I wonder if anyone has ever gone to trial for murder by sleep deprivation? In all seriousness, I think my children are trying to kill me – very very slowly. First there is Stella: nearly 3 years of sleepless nights and counting. Now it’s Felix, although to be fair to the poor little dude, it’s not his fault. He’s had a cold and cough1 immediately followed by teething. Regardless, I’m on no sleep. I’ve been on no sleep now for eons. It makes it so much harder to cope with things well or even at all.
I try to laugh about stuff. Really I do. Today is better than yesterday. I don’t know that I cracked a smile yesterday.
In desperation this past Saturday, I finally reached a breaking point. I was finally ready to send Stella to Oui Oui’s house overnight. Now I know there’s probably some eye-rolling going on. Why in the hell would I NOT have sent my rowdy daughter to Oui Oui’s house long before now? I guess I’m a ninny. Or at the very least, I’m an über-stubborn helicopter-type mommy. Oui Oui has stairs, you know. And outlets that are uncovered. *Gasp.*
But I woke Saturday exhausted. Felix and I had had a bad night. It’s been so bad that after he wakes at midnight or so to nurse, I can’t even summon the energy to get my ass off the couch and put him back in the crib – or even just lay down with him on the futon. We just kind of fall over and sleep on the couch for the rest of the night. Stella came bounding out bright and early as usual. Something in my brain just snapped. I wanted to cry, but it was that demented laughing-crying that happens when you are damn close to a break with reality. After a trying breakfast, I finally asked Will if he thought his mom would mind having a slumber party. We discussed it for a while. Were we really ready? Would Stella be ok? Well if we were going to do this, we had to have some kind of important plan, right? Otherwise it would be a waste.
The long and short of it was that Oui Oui was indeed ok with the idea and no, we didn’t have to have a major plan. I had picked up some nice fish and veg earlier, and since Felix “always” goes to sleep by 6:00 or 6:30, we would simply eat a bit later than usual and we could sit down and eat together. And I could eat without holding a child. And even use utensils. After, we could watch a whole movie without fear of having to pause it for awakenings or the like. And sleep. Sleep would be better. And later.
Ah, the best laid plans…
Felix was grumpy. My normally sweet mellow little boy was a snarling, chomping drool fountain. It took about 3 times as long to get him to sleep. And while we did get to eat our nice meal and watch some uninterrupted TV, my sleep never came. We were up at midnight, at 3:00, at 4:00, at 5:00, and finally up for the day at 6:00.

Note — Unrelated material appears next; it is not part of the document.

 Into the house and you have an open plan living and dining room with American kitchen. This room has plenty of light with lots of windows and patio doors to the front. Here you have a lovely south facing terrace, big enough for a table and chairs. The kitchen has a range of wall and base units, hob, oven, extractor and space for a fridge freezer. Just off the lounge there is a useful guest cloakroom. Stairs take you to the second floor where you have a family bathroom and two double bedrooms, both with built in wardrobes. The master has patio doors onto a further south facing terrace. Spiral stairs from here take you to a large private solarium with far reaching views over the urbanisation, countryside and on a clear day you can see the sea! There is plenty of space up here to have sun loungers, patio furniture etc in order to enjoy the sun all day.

So yes. I do think they’re doing this on purpose. There’s simply no other explanation. Or maybe it’s the lack of sleep making me paranoid.

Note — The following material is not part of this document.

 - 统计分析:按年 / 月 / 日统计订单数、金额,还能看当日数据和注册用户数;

1 Oh this cough. Both of my children have it. They’ve had it for 3 damn weeks now. You know when they cough? At night. Especially when they’re first trying to go to sleep. I have a new answer now for the old “when would you go if you had a time machine” question: I’d go back ,waaaaaaaaaay back. I’d find the ancestor of this virus and I’d pour a shitload of bleach into the primordial ooze, thereby killing it forever. And ever.